→ **Records to use**:
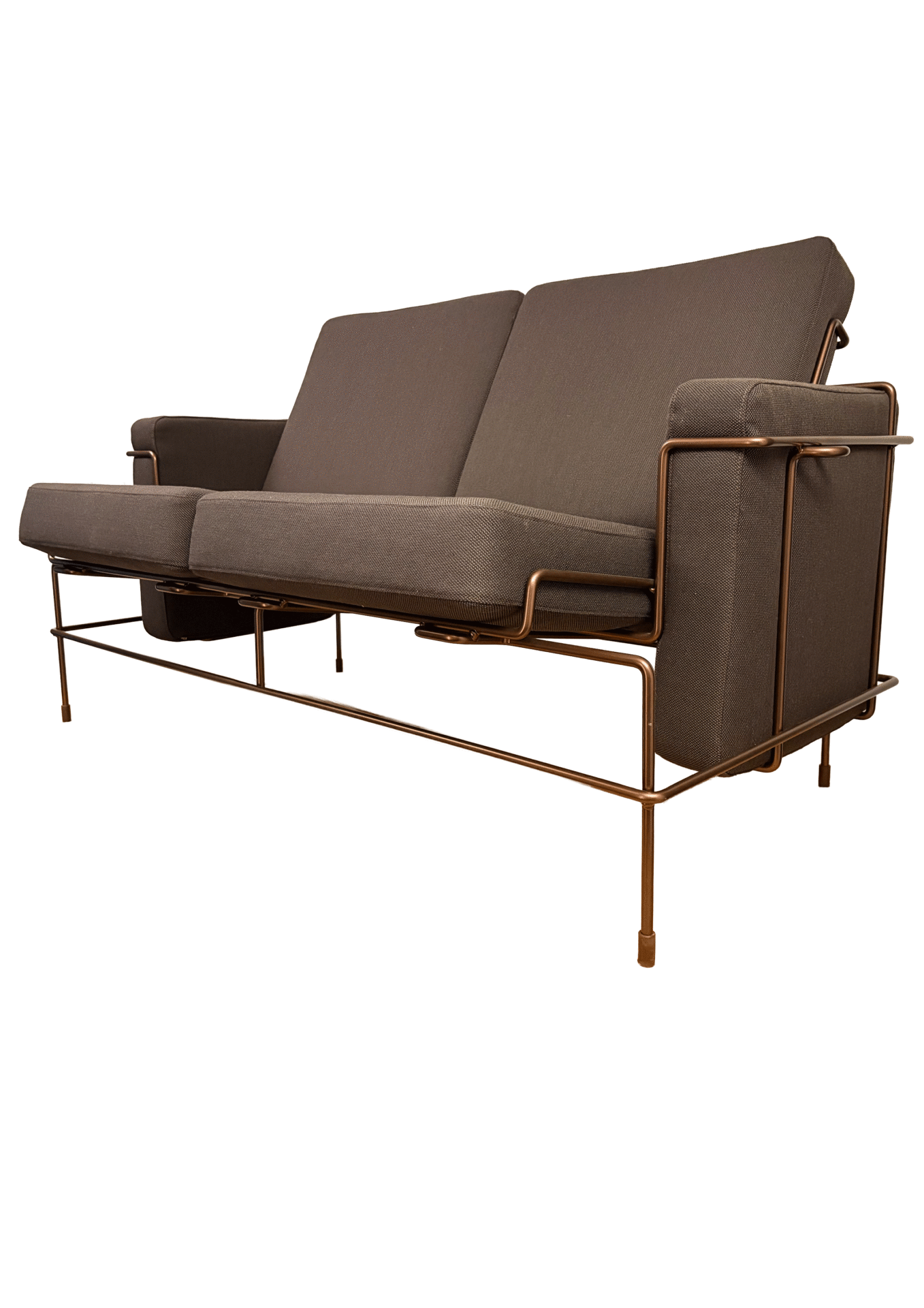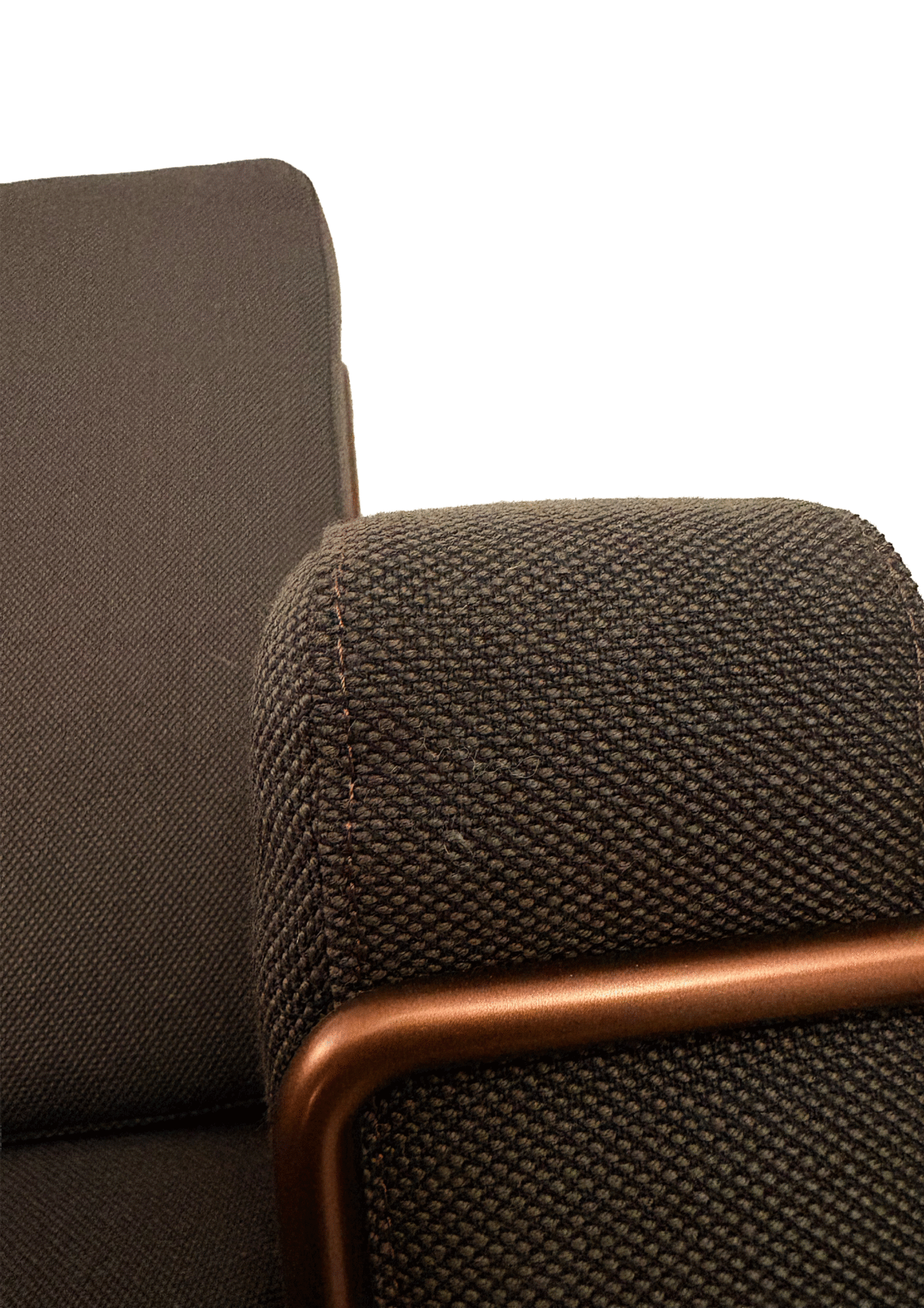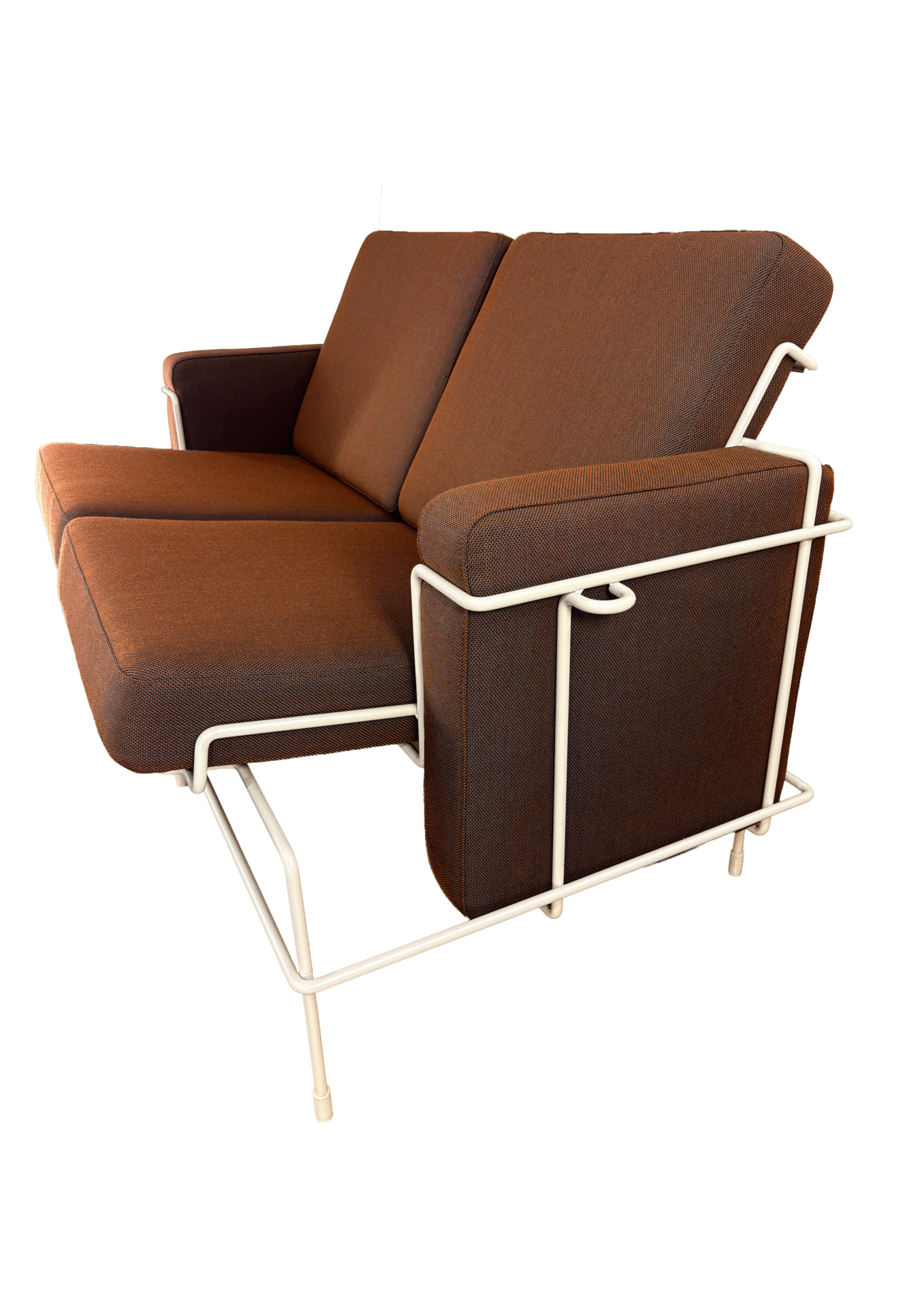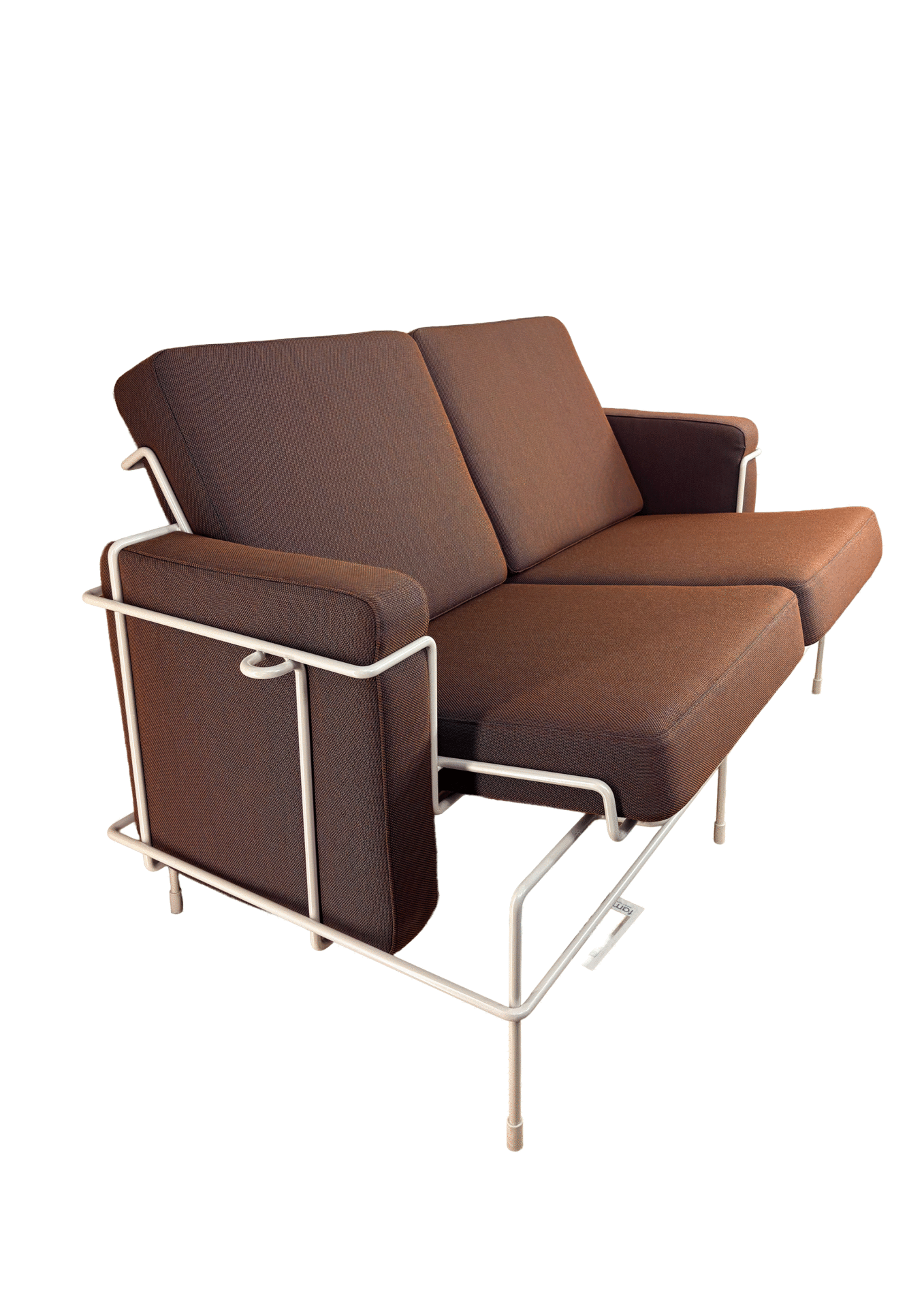 Structure en métal blanc apparent, lignes nettes, confort assumé. Le design intelligent, sans effet de mode.
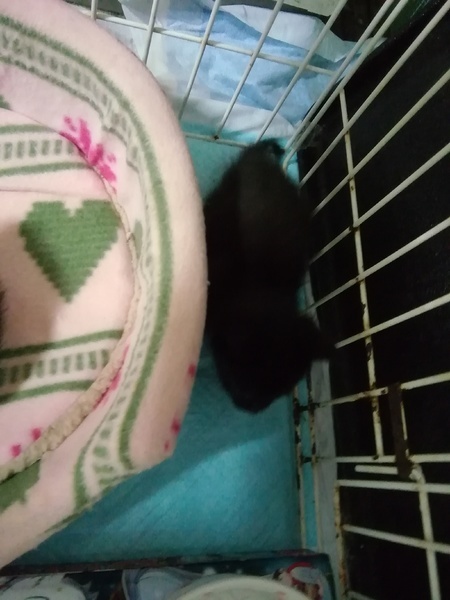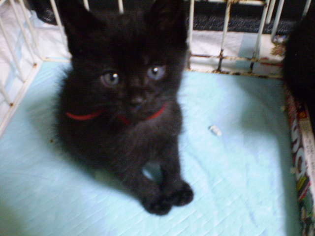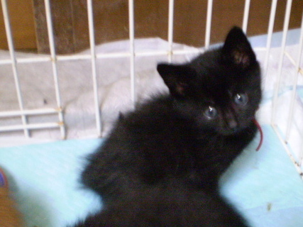 | 特徴(性格など) | クロネコです。多分メスです。動画の赤いリボンの子です。おとなしいめの子で、ゲージの隙間にこちょんいたりします。食後良く他の子の毛づくろいをしたり、長女気質な感じです。 | ||
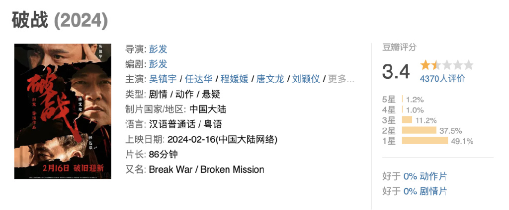 而引进内地的影片,依旧是老一套的警匪片,古天乐、刘青云、吴镇宇几个老演员排列组合,内地观众早已审美疲劳。 今年初的一部《破战》,更是把港片质量拉到新低,豆瓣3.4分,被网友称为“香港电影的至暗时刻”。
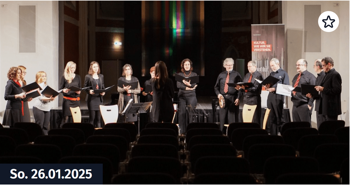 Sonntag, 26. Jänner 2025Beginn: 11:00 UhrOrt: Minoriten Wels, Rainerstraße 2, Wels, Oberösterreich Eine Veranstaltung zum internationalen Holocaust Gedenktag. Rund um den Vortrag von Dr. Walser zum Thema Gewalt und Rassismus gibt es Chormusik von Erich Zeisl und Hugo Kauder zu hören, beide Komponisten, die 1938 in die USA emigrieren mussten. Fachkundig eingeführt werden die„26. Jänner 2025: KLANG ZEICHEN SETZEN – Eine Veranstaltung gegen Gewalt zum Internationalen Holocaust-Gedenktag“ weiterlesen
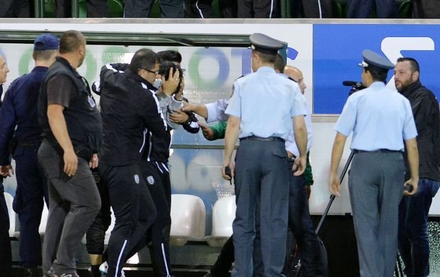 Μέσα στον αγωνιστικό χώρο δεν υπήρχε αναστάτωση. Μόνο στον πάγκο μας δίπλα στον Ιβιτς. Οι διαιτητές ήταν μέσα στον αγωνιστικό χώρο, ο Κομίνης κάλεσε τους άλλους γύρω του και ο 4ος πήγε και το είπε στον διαιτητή. Εγώ πρώτος ενημέρωσα τον Κομίνη αλλά ο 4ος και ο παρατηρητής τον είχαν ενημερώσει πρώτοι. Τα πράγματα ήταν ήρεμα μετά τη σύρραξη και δεν είχαμε άλλα επεισόδια και συμπλοκές. Εγώ δυο φορές είπα στον Κομίνη ότι χτυπήθηκε και πήγα με το κουτάκι και το έδειξα. Μάλιστα με απομάκρυναν κάποιοι σεκιουριτάδες και πρόλαβα να το δείξω το κουτί. Μόλις το έκανα αυτό τότε ο Κομίνης έφυγε για τα αποδυτήρια. Οι διαιτητές δεν αποσύρθηκαν για τη σύρραξη αλλά όταν τους ενημερώσαμε ότι χτυπήθηκε ο Ιβιτς. Το δείχνει ξεκάθαρα αυτό το βίντεο».
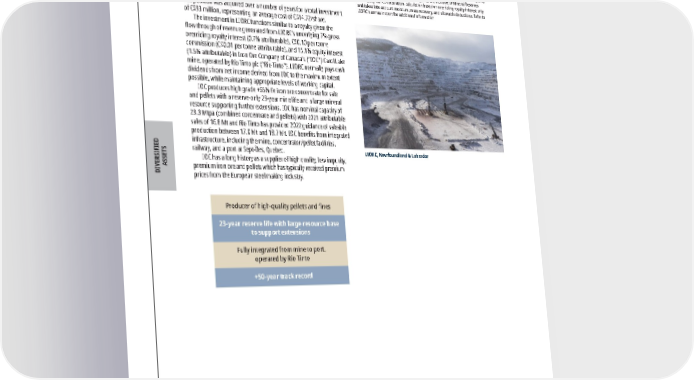 2022 ASSET HANDBOOK 106 FNV TSX NYSE DIVERSIFIED ASSETS LIORC Iron Ore Newfoundland & Labrador, Canada Operator: Rio Tinto plc Royalty: GORR 0.7% Iron Ore, IOC Equity 1.5% Diversified Franco-Nevada holds 6.3 million common shares (a 9.9% equity investment) in Labrador Iron Ore Royalty Corporation (“LIORC”). The position was acquired over a number of years for a total investment of C$93 million, representing an average cost of C$14.72/share. The investment in LIORC functions similar to a royalty given the flow through of revenue generated from LIORC’s underlying 7% gross overriding royalty interest (0.7% attributable), C$0.10 per tonne commission (C$0.01 per tonne attributable), and 15.1% equity inter est (1.5% attributable) in Iron Ore Company of Canada’s (“IOC”) Carol Lake mine, operated by Rio Tinto plc (“Rio Tinto”). LIORC normally pays cash dividends from net income derived from IOC to the maximum extent possible, while maintaining appropriate levels of working capital. IOC produces high grade +65% Fe iron ore concentrate for sale and pellets with a reserve-only 23-year mine life and a large mineral resource supporting further extensions. IOC has nominal capacity of 23.3 Mtpa (combined concentrate and pellets) with 2021 attributable sales of 16.8 Mt and Rio Tinto has provided 2022 guidance of saleable production between 17.0 Mt and 18.7 Mt. IOC benefits from integrated infrastructure, including the mine, concentrator/pellet facilities, railway, and a port at Sept-Îles, Quebec. IOC has a long history as a supplier of high quality, low impurity, premium iron ore and pellets which has typically received premium prices from the European steel making industry. Producer of high-quality pellets and fines 23-year reserve life with large resource base to support extensions Fully integrated from mine to port, operated by Rio Tinto +50-year track record Iron Ore 2021 Revenue to Franco-Nevada ($ million) $ 30.2 P&P Reserves (Tonnes 000s) 1,144,000 M&I Resource (Tonnes 000s) 1,930,000 Inferred Resource (Tonnes 000s) 895,000 P&P Royalty Ounces (000s) 2 207 M&I Royalty Ounces (000s) 1, 2 349 Inf Royalty Ounces (000s) 2 162 1 Please refer to the tables on pages 128-136 for a breakout of grade and tonnages by Mineral Resource category; all M&I categories are inclusive of Mineral Reserves 2 For Royalty Ounce calculation, calculation based on overriding royalty interest only and takes into account moisture, mass recovery, and allowable deductions. Refer to LIORC's annual report for additional information LIORC, Newfoundland & Labrador

→ **About this task**:
Every line above has to be output exactly; the pictures must be dropped.

→ **Your response**:
 Structure en métal blanc apparent, lignes nettes, confort assumé. Le design intelligent, sans effet de mode.
 | 特徴(性格など) | クロネコです。多分メスです。動画の赤いリボンの子です。おとなしいめの子で、ゲージの隙間にこちょんいたりします。食後良く他の子の毛づくろいをしたり、長女気質な感じです。 | ||
 而引进内地的影片,依旧是老一套的警匪片,古天乐、刘青云、吴镇宇几个老演员排列组合,内地观众早已审美疲劳。 今年初的一部《破战》,更是把港片质量拉到新低,豆瓣3.4分,被网友称为“香港电影的至暗时刻”。
 Sonntag, 26. Jänner 2025Beginn: 11:00 UhrOrt: Minoriten Wels, Rainerstraße 2, Wels, Oberösterreich Eine Veranstaltung zum internationalen Holocaust Gedenktag. Rund um den Vortrag von Dr. Walser zum Thema Gewalt und Rassismus gibt es Chormusik von Erich Zeisl und Hugo Kauder zu hören, beide Komponisten, die 1938 in die USA emigrieren mussten. Fachkundig eingeführt werden die„26. Jänner 2025: KLANG ZEICHEN SETZEN – Eine Veranstaltung gegen Gewalt zum Internationalen Holocaust-Gedenktag“ weiterlesen
 Μέσα στον αγωνιστικό χώρο δεν υπήρχε αναστάτωση. Μόνο στον πάγκο μας δίπλα στον Ιβιτς. Οι διαιτητές ήταν μέσα στον αγωνιστικό χώρο, ο Κομίνης κάλεσε τους άλλους γύρω του και ο 4ος πήγε και το είπε στον διαιτητή. Εγώ πρώτος ενημέρωσα τον Κομίνη αλλά ο 4ος και ο παρατηρητής τον είχαν ενημερώσει πρώτοι. Τα πράγματα ήταν ήρεμα μετά τη σύρραξη και δεν είχαμε άλλα επεισόδια και συμπλοκές. Εγώ δυο φορές είπα στον Κομίνη ότι χτυπήθηκε και πήγα με το κουτάκι και το έδειξα. Μάλιστα με απομάκρυναν κάποιοι σεκιουριτάδες και πρόλαβα να το δείξω το κουτί. Μόλις το έκανα αυτό τότε ο Κομίνης έφυγε για τα αποδυτήρια. Οι διαιτητές δεν αποσύρθηκαν για τη σύρραξη αλλά όταν τους ενημερώσαμε ότι χτυπήθηκε ο Ιβιτς. Το δείχνει ξεκάθαρα αυτό το βίντεο».
 2022 ASSET HANDBOOK 106 FNV TSX NYSE DIVERSIFIED ASSETS LIORC Iron Ore Newfoundland & Labrador, Canada Operator: Rio Tinto plc Royalty: GORR 0.7% Iron Ore, IOC Equity 1.5% Diversified Franco-Nevada holds 6.3 million common shares (a 9.9% equity investment) in Labrador Iron Ore Royalty Corporation (“LIORC”). The position was acquired over a number of years for a total investment of C$93 million, representing an average cost of C$14.72/share. The investment in LIORC functions similar to a royalty given the flow through of revenue generated from LIORC’s underlying 7% gross overriding royalty interest (0.7% attributable), C$0.10 per tonne commission (C$0.01 per tonne attributable), and 15.1% equity inter est (1.5% attributable) in Iron Ore Company of Canada’s (“IOC”) Carol Lake mine, operated by Rio Tinto plc (“Rio Tinto”). LIORC normally pays cash dividends from net income derived from IOC to the maximum extent possible, while maintaining appropriate levels of working capital. IOC produces high grade +65% Fe iron ore concentrate for sale and pellets with a reserve-only 23-year mine life and a large mineral resource supporting further extensions. IOC has nominal capacity of 23.3 Mtpa (combined concentrate and pellets) with 2021 attributable sales of 16.8 Mt and Rio Tinto has provided 2022 guidance of saleable production between 17.0 Mt and 18.7 Mt. IOC benefits from integrated infrastructure, including the mine, concentrator/pellet facilities, railway, and a port at Sept-Îles, Quebec. IOC has a long history as a supplier of high quality, low impurity, premium iron ore and pellets which has typically received premium prices from the European steel making industry. Producer of high-quality pellets and fines 23-year reserve life with large resource base to support extensions Fully integrated from mine to port, operated by Rio Tinto +50-year track record Iron Ore 2021 Revenue to Franco-Nevada ($ million) $ 30.2 P&P Reserves (Tonnes 000s) 1,144,000 M&I Resource (Tonnes 000s) 1,930,000 Inferred Resource (Tonnes 000s) 895,000 P&P Royalty Ounces (000s) 2 207 M&I Royalty Ounces (000s) 1, 2 349 Inf Royalty Ounces (000s) 2 162 1 Please refer to the tables on pages 128-136 for a breakout of grade and tonnages by Mineral Resource category; all M&I categories are inclusive of Mineral Reserves 2 For Royalty Ounce calculation, calculation based on overriding royalty interest only and takes into account moisture, mass recovery, and allowable deductions. Refer to LIORC's annual report for additional information LIORC, Newfoundland & Labrador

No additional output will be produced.